Top entrepreneurs and executives free themselves up to ask the right questions.
Systems are built to create efficiencies. Managers are hired and empowered to make decisions. Clients are actively managed and unprofitable work is turned away.
The alternative, which will be painfully familiar to many, is a company where strategic people are caught up in operational issues. Instead of doing corporate development, they are managing crises. Managers either aren’t competent or empowered to deal with the issues. Systems are inadequate.
Stephen Covey explores this concept in “The 7 Habits of Highly Effective People” with his Urgent Important Matrix. Leaders should focus on important work that isn’t urgent, but instead they get sucked in on urgent problems (not all of which are important).
This pain is normal. It’s a growing pain. For some though, it’s a forever pain. If you hope to one day sell the company as a legacy business capable of flourishing without you, you need to build it in a way that makes you redundant.

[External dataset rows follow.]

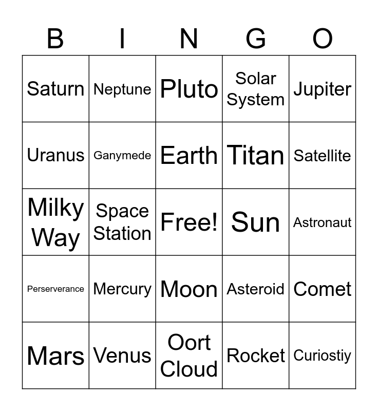 This bingo card has a free space and 24 words: Mercury, Venus, Earth, Mars, Jupiter, Saturn, Uranus, Neptune, Sun, Moon, Titan, Milky Way, Asteroid, Comet, Ganymede, Rocket, Astronaut, Pluto, Satellite, Space Station, Curiostiy, Perserverance, Solar System and Oort Cloud.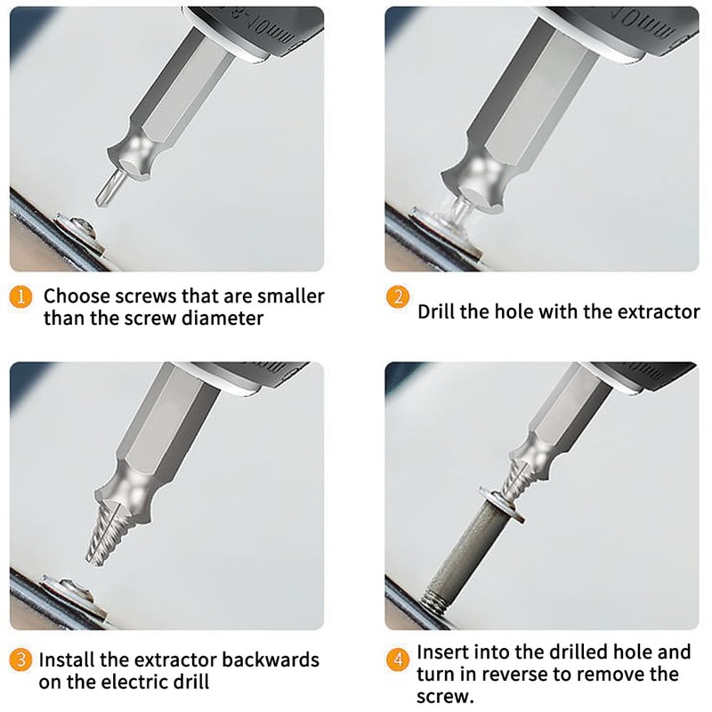 - Easy to use: first drill a pilot hole with the drill of the screw remover, choose an extractor of suitable size, let the extractor bite and finally use the remover to remove the screw from the hole. The adapter makes it easier to replace the extractor, reduces tedious replacement steps and saves time.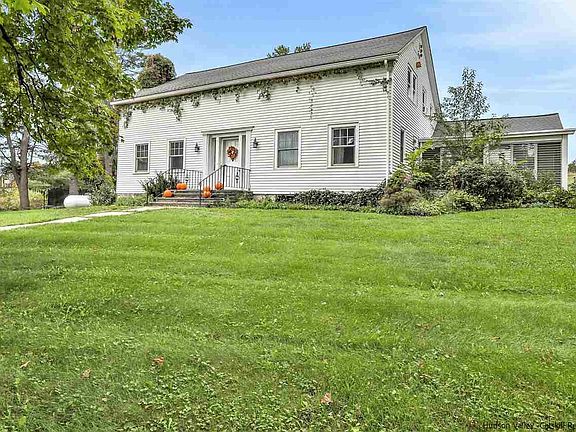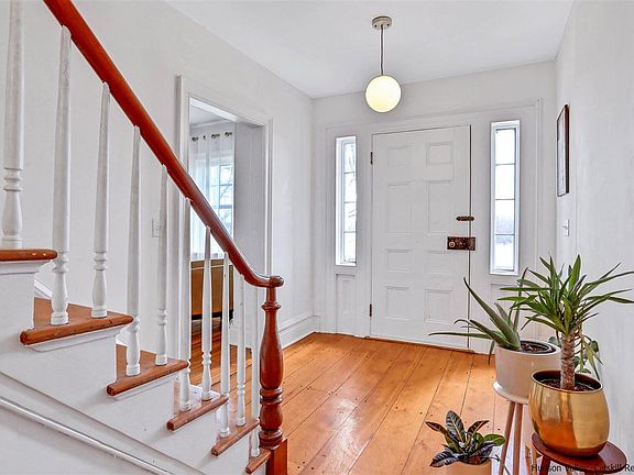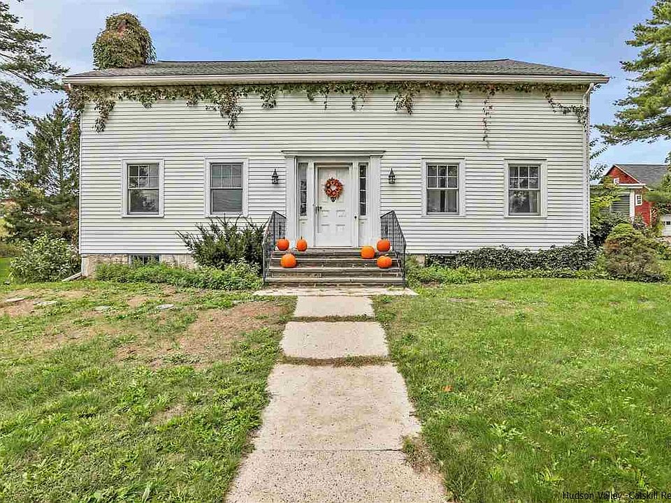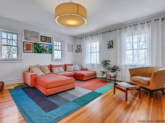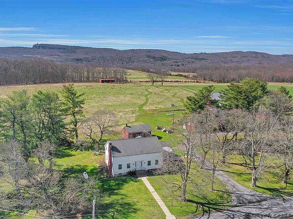 Set at the foot of the Shawangunk Ridge, this extraordinary 1848 colonial farmhouse sits on 9.7 acres with panoramic views of the mountain, and adjacent to 134 protected acres by the Open Space Institute, known as the River to Ridge Trail. This home is the mecca for an outdoor enthusiast, with sweeping west-facing views, this property offers direct access to the trail system which leads to the Mohonk Preserve, or directly to the vibrant Village of New Paltz. This stunning 2500 SF, 4-bedroom, 3-bathroom home, features 2 large barns and 2 smaller outbuildings. Possibilities are endless as to what one can do with the space and structures. Recent renovations flawlessly mix the old-world charm with modern updates. The main floor in sundrenched with natural light and offers warm spaces for entertaining and relaxation. A large open kitchen with vaulted ceilings, butcher block countertops and farm style sink create the ideal space for the chef in the family. The kitchen flows into an open dining room, with plenty of space to entertain guests near and far. Adjacent to the dining room is the sprawling living room, with plenty of windows offering beautiful sunlight in this open space with the custom built-in bookcases. The breathtaking staircase with original wood detail leaves the oversized entryway and brings one to the wide planked hardwood floors on the second-floor bedrooms and hallway. An ensuite primary bedroom offers a gorgeous remodeled private ensuite bathroom. The three additional bedrooms are very generous in size and share the second renovated full bathroom in the home. An easy walk-up access to the attic with tons of storage is off of the main 2nd floor hallway. On the other side of the grand staircase, one will find the laundry room and the summer kitchen with a bath and additional living room. This exceptional home is great on its own, however the local history of this property is outstanding. In 1891, this property was called “the View House Farm”. Historic restored homes with such charm, beauty and access to the outdoors are hard to find. Come embrace the beauty of 100 Red Barn Road.

It takes incredible discipline, but the rewards are worth it.
The path to redundancy is paved with saying “no”
I once had a manager who taught me that “no” is a full sentence. It doesn’t always need to be justified. Saying “no” is part of building respect and trust.
Conversely, saying “yes” to everything is a slippery slope.
Firstly, just because something increases your revenue doesn’t mean you should take it on. Companies need profits, not just revenues.
Your business systems need to allow you to measure your profitability properly. Without a clear view of client or product profitability, you can’t prioritise your time and become redundant.
Secondly, if you take on too many strategic projects at once, you risk making simultaneous mistakes.
Investors value focus and clarity, not broad promises and vagaries. It’s better to deliver on a concise pipeline of strategic projects than to miss targets across a wide range of initiatives.
Empower yourself to say “no”
Each time you say “no”, especially in the beginning, it’s going to feel like a kick in the gut. You didn’t make it this far in life by walking away from things, right?
Making these decisions is easier with proper data and structured thinking. If you can clearly see why no is the right answer, you sleep easier at night. The toughest decisions are those clouded in uncertainty. Strategy is an art, not a science.
To free up your time, you need the right people in the right seats and they need to feel empowered to make decisions. You need to develop them and trust them. They will become more marketable as they grow, but with the right environment around them, they will want to stay.
In every decision you make, consider whether the path you are taking is improving or weakening your prospects of eventual redundancy.
Companies sell on a multiple of annual revenue or earnings, so building the business properly and one day selling it is the right way to extract the full economic value of your efforts.
The alternative is to stay stuck in the washing machine, never asking “why” or saying “no” to anything.